Worst decline in Indian tiger population since 1973?? Or is it?

If you want to see a tiger in the wild, I would not wait another 20 years. OTH, there are doubts about the counting methodology employed, read on…

Worst decline in tiger population since 1973: census- Hindustan Times

Tiger census estimates from Central India indicate a fall of tiger population by over 50 per cent, worst decline since first government census in 1973.

Tiger number appears to have fallen by 61 per cent in Madhya Pradesh, 57 per cent in Rajasthan and 40 per cent in Rajasthan, according to the estimates released by the Wildlife Institute of India (WII) on Wednesday.

Initial estimate of 16 of the 28 tigers reserves show that there are only 464 tigers in Madhya Pradesh, Rajasthan and Maharashtra as compared to 1,006 in 2002. Final census is expected by end of 2007.

India has 29 tiger reserves. Apparently, most of the population losses are outside the reserves where there is mush more tiger-human interaction.

Dr YV Jhala, institute’s chief scientist, said, “In general, the situation is not good. I cannot stress more the importance of removal of anthropogenic (people) influence on tiger population. Tigers and people cannot co-exist”.

I like that, “Tigers and people cannot co-exist”, probably true, if simplistic, they’re both super top level predators. Habitat pressure in India is probably the single largest issue with development pressure and a burgeoning population.

One important thing to note.

The institute disbanded the pugmark identification methodology for tiger census and adopted more scientific approach of camera capturing, scent and pugmark analysis and tracking movement of tigers using satellite tracking.

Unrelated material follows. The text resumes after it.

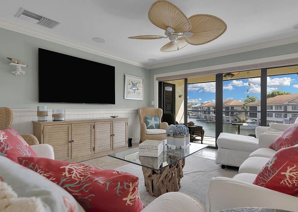 Experience luxury and tranquility in this exquisitely renovated 2-bedroom, 2-bath condo in Fisherman's Cove offering breathtaking panoramic views overlooking the length of the wide canal. This stunning corner unit with ultimate privacy combines refined design with high-end finishes featuring exquisite Brazilian “Louise Blue” granite countertops and elegant French-cut travertine flooring throughout, including the terrace. Every detail reflects thoughtful craftsmanship and modern sophistication. The open-concept kitchen showcases top-of-the-line Miele and Liebherr appliances, an induction cooktop, a sleek range hood, a warming drawer, microwave drawer, and a wine cooler. Electrical systems have been completely updated, and Insta-hot water heaters ensure convenience. The very versatile lanai is a huge bonus as it easily transforms into a third bedroom. The spacious master bedroom has a large walk-in closet, and the master bathroom also includes a separate toilet with a bidet. Surround sound built-in speakers in the living room area maximize your viewing experience. An added benefit of the higher floor unit, apart from the spectacular views, is that it has an air-conditioned attic that is easily accessible via a drop-down ladder for ample extra storage plus the potential to raise ceilings for an even more expansive feel. The extra long golf cart garage easily accommodates two golf carts and includes a dehumidifier, refrigerator, ice machine, BBQ, and automatic garage door for ultimate ease. The unique location of the assigned floating dock at the end of the canal is key as it offers excellent protection while having direct access to either the bay or ocean in just minutes! As if this is not enough, the pool, tennis, and pickleball courts are just steps away! This condo is truly a boater's paradise! A perfect way to live the Ocean Reef dream! Fisherman's Cove 23B is a perfect blend of elegance, comfort, and location delivering unmatched views and luxury finishes.

When you change counting methodologies, it is hard to compare population estimates. This note and this Science article (sell kidney to read) indicate that pugmark identification was notorious for over counting tigers, even missing entire population collapses, so who knows whether we are seeing a decline, or finally, a more accurate count? Either way, the numbers are depressing, and do not bode well for the tiger.